Acadia announced the launch of IM Recalibration Analytics (IMRA), a tool that enables firms to assess the impact of new ISDA SIMM versions on their initial margin calculations. Users can assess new ISDA SIMM versions immediately and automate a range of tasks that are currently executed manually, such as viewing counterparty and netting set level exposure changes and daily trend analysis to track potential changes in IM differences.
The analytics tool also provides firms with greater visibility when comparing a variety of data points, such as aggregate exposure and counterparty- and agreement-level exposure.
Off-cycle recalibration was recently introduced to ensure that major market shocks that drive a significant change in risk can be factored into the ISDA SIMM model on a quarterly basis in addition to an annual basis. The introduction of potential quarterly off-cycle recalibrations makes having the capability to efficiently and accurately predict the impact of initial margin exposure calculation changes more important than ever.

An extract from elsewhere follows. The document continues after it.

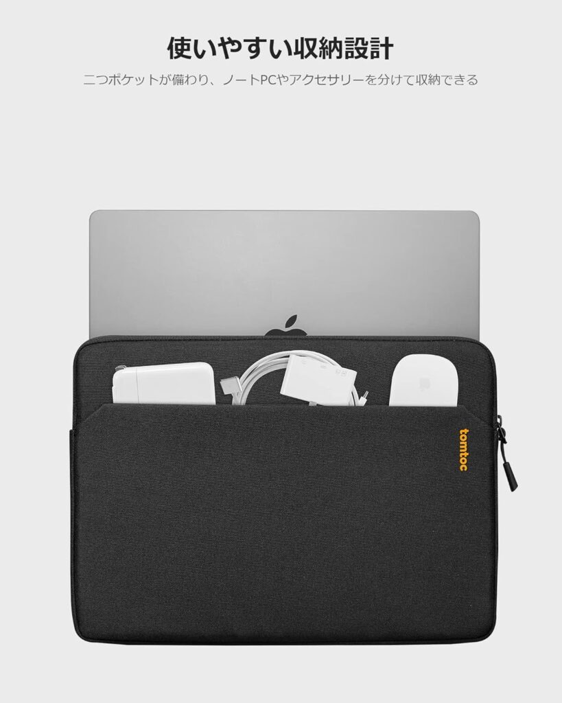 約30万円の「資産」を傷から守る設計として、インナーケースは必須だ。バッグの中でMacBookが擦れて傷つくのを防ぎながら、取り出しやすさも確保する。Tomtocの14インチ対応スリーブが品質・価格のバランスで優れている。

Stuart Smith, co-head of Business Development at Acadia, said in a statement: “With the introduction of off-cycle recalibrations, firms need to remain agile and be able to quickly and efficiently assess new ISDA SIMM versions. We understand how crucial it is for firms to have the tools to hand that ensure they are best equipped to understand the impact of initial margin exposure. IMRA not only gives firms the tools to do so, it also provides them with a high level of visibility and accessibility. As a result, this enables firms to streamline processes, optimize resources, and forecast the impact of initial margin exposure with greater certainty, having a significant positive impact on a firm’s day-to-day processes.”
IMRA leverages existing services provided by Acadia for firms in-scope for Uncleared Margin Rules. By incorporating existing data from IM Exposure Manager and IM Threshold Monitor, IMRA gives users the added benefit of a complete, consistent view of their initial margin requirements without the need to upload new data.